H. L. Mencken wrote somewhere that the Lord had seized the United States by the state of Maine and lifted, so that everything loose wound up in Southern California. That’s what I was and that’s what I did, but it took me four or five months to get there, and on my way I passed through the town of Dania and thought of Doc.

So I went looking for him, and amazingly enough I found him. I reached his dental office — evidently if you lived in Florida long enough they had to let you be a dentist again — and the woman I spoke to told me Doc had retired because of illness. I found out where he lived and went to see him.

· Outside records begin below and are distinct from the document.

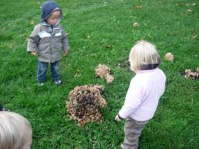 Olof gick med Elin, Sonia, Edmund, Gustav och William upp till toppen. Vi tog den långa vägen idag som är så rolig för då får man springa själv och behöver inte hålla i nåt rep eller en kompis utan kan spurta på för glatta livet. Alla sprang superfort och inte ens hunddagiset hade en chans att hålla vårat tempo idag. På vägen upp hittade vi massa fina svampar som vi undersökte noga. Sen gick vi vidare till parken och lekte där en stund. Vi grillade saker, klättrade och gungade. Dagens höjdpunkt var när det kom en klottersanerare och började ta bort klotter från lyktstolpar med en högtrycksspruta. Alla tyckte han var lite busig och skrattade högt. Det vet ju alla att man inte får spruta vatten hur som helst. Klottergubben verkade tyvärr inte uppskatta sin nyvunna idolstatus utan såg efter en stund lite arg ut och hoppade in i sin bil och körde iväg till barnens stora besvikelse.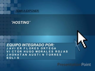 Este documento presenta una introducción al concepto de "hosting" o alojamiento web. Explica que el hosting es el servicio que almacena y hace accesible la información de un sitio web a través de Internet. Luego describe los principales tipos de hosting, como el alojamiento gratuito, compartido, de imágenes, reseller, VPS, dedicado y en la nube. Finalmente, cubre formas de obtener hosting a través de servicios de pago o gratuitos, así como consideraciones sobre dominios y costos de hosting en México.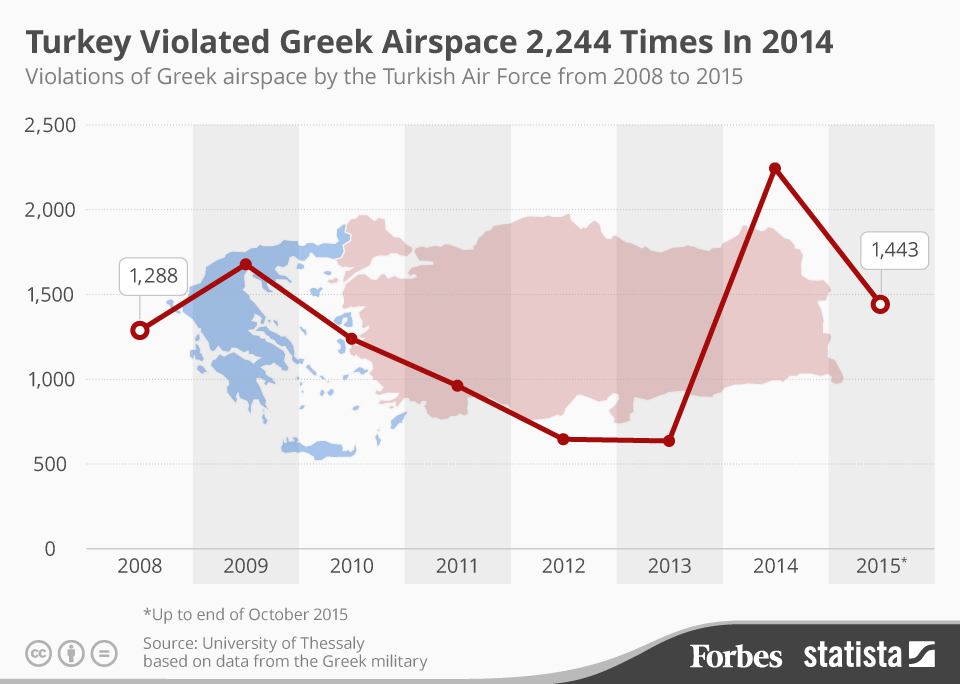 The Turks have also had a bone to pick with Russia following Russian airstrikes on Syrian-Turkmen villages targeted for harboring Daesh tactical targets. Despite the backdrop, Turkey is claiming border security concerns as their defense in the incident. This is an unfounded claim, as Turkey is one of the most prolific airspace violators in the modern world: They’ve accounted for many unauthorized airstrikes against Kurdish groups in Iraq, and 2,224 airspace violations into Greece in 2014 alone. In fact, a formation of six Turkish fighter jets violated Greek airspace on the 26th of November—just days after the Russian jet incident.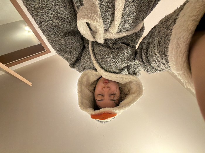 A person wearing a gray and white hooded robe is upside down, looking into the camera. The robe's hood is up, and the person's eyes are closed. The background is a light-colored ceiling and wall. To the left, there is a glimpse of a mirror and a partially visible wooden structure. The lighting appears to be indoor and soft.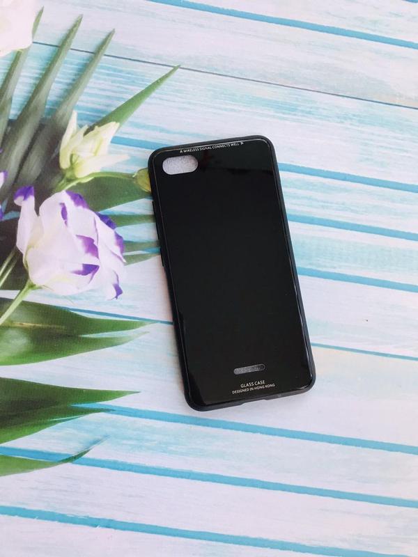 Силиконовый чехол glass case со стеклянной задней панелью для xiaomi redmi 6a чёрный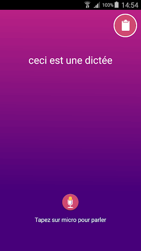 Cette application vous permet de dicter dans toutes les langues supportées par la voix d'entrée, puis vous permet de copier dans le presse-papiers le résultat.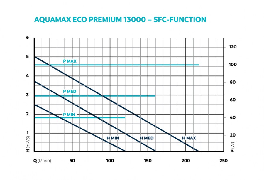 - Patentovaná funkce SFC. Při zapnuté funkci SFC automaticky reguluje v závislosti na teplotě vody výkon čerpadla a dopravní výšku vody, nad 17°C maximální výkon, do 10°C střední výkon a pod 10°C minimální výkon.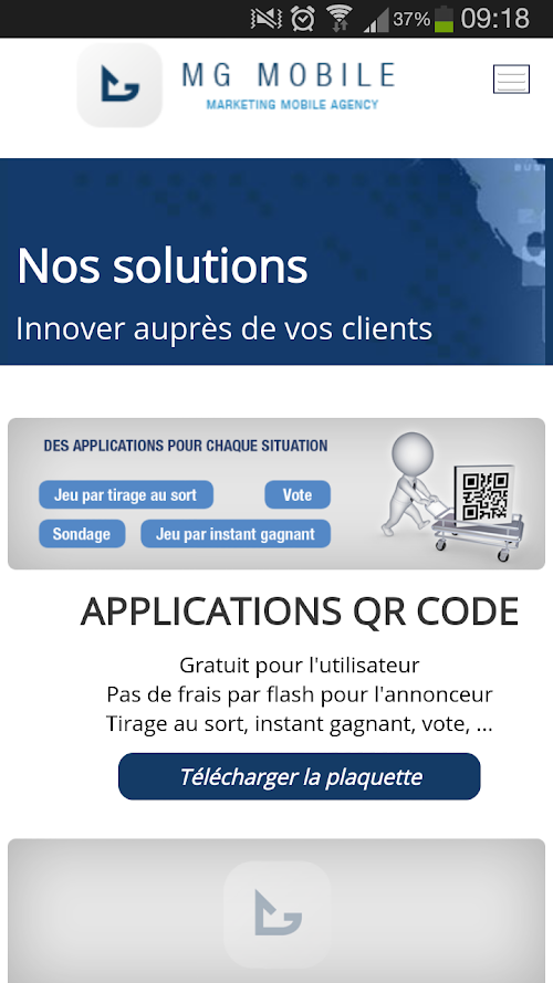 - Marketing mobile avec l’organisation de jeux concours ou vote par SMS, par Twitter et par QR codeMG Mobile is a mobile marketing agency specializing in mobile development. It supports companies in the acquisition, development and retention of their mobile audience.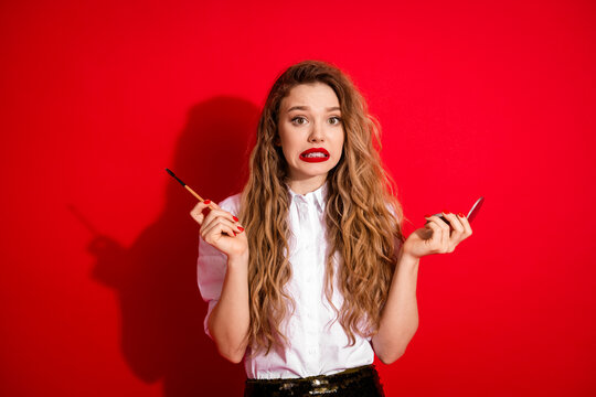 Young woman with vibrant makeup holds tools in hands against red background expressing confusion and hesitation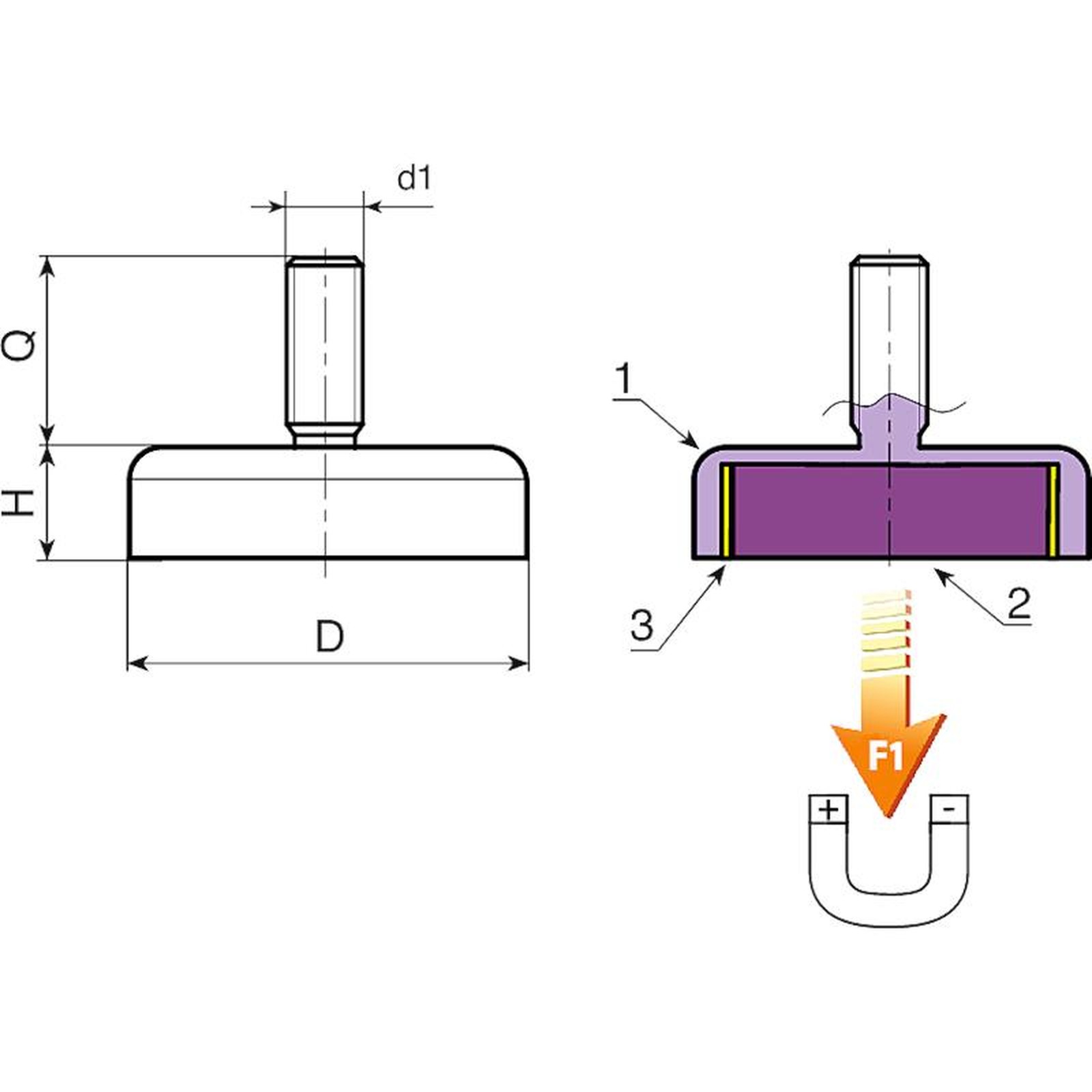 | Code | art. | D ±0,1 | H ±0,2 | d1 6g | Q ±0,5 | Weight (g) | F1 (N) |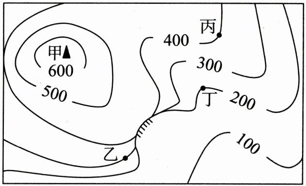 10. 图中甲、乙、丙、丁四地中,位于山谷的是(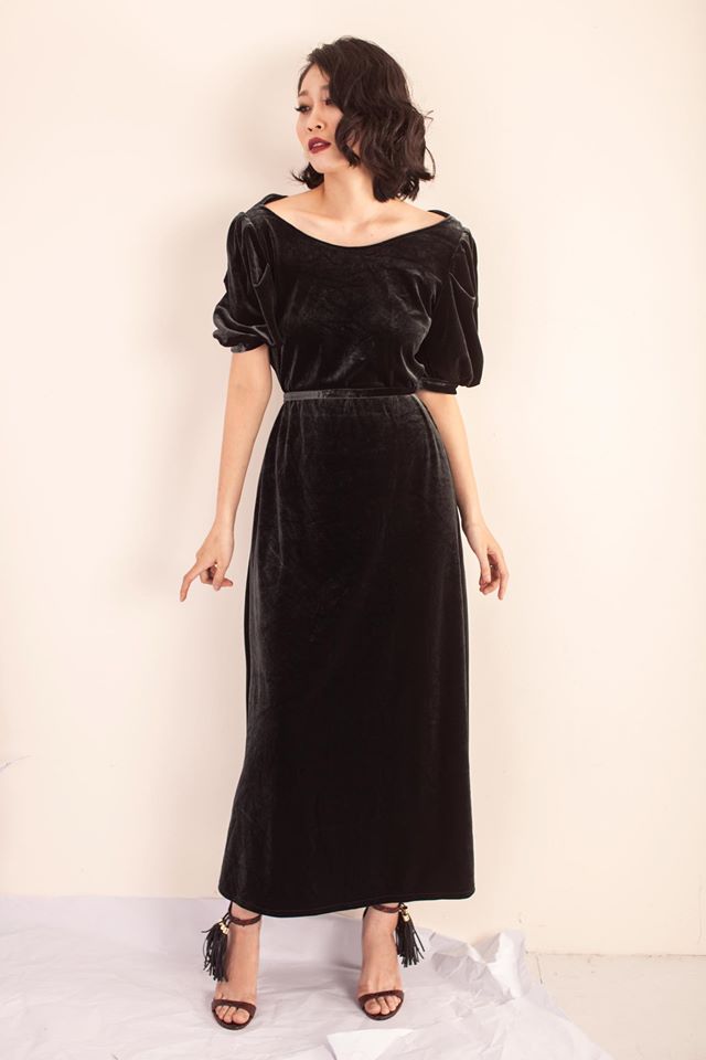 This velvet maxi dress by Laura Ren is designed to turn heads with its plush texture and elegant silhouette. Featuring romantic puff sleeves, a gently scooped neckline, and a defined waistline, this design blends vintage-inspired charm with modern refinement. The rich velvet fabric offers a soft, fluid drape and understated sheen that moves beautifully with every step. Ideal for evening events or special occasions, this timeless piece offers comfort and class in equal measure. Elevate your evening wardrobe with this standout velvet creation by Laura Ren.

He had emphysema, and walked around sucking oxygen out of a tube. He knew me, and remembered me as clearly as I remembered him. And he brought me up to date on his life since I’d known him. He’d had two marriages after Ada’s death, each one worse than the last. He’d gone back to dentistry and managed to build a practice. He told me about his kids, but if what he said registered at all I’ve long since forgotten it.

And he told me what a struggle he’d had in Buffalo with the Beth Zion establishment, who hadn’t wanted an East Side boy, a Russian Jew like Marshall Gubinsky, leading their Boy Scout troop. And he’d had his troubles with some of our parents, as well — not mine, he had nothing but good to say about my folks, but several others.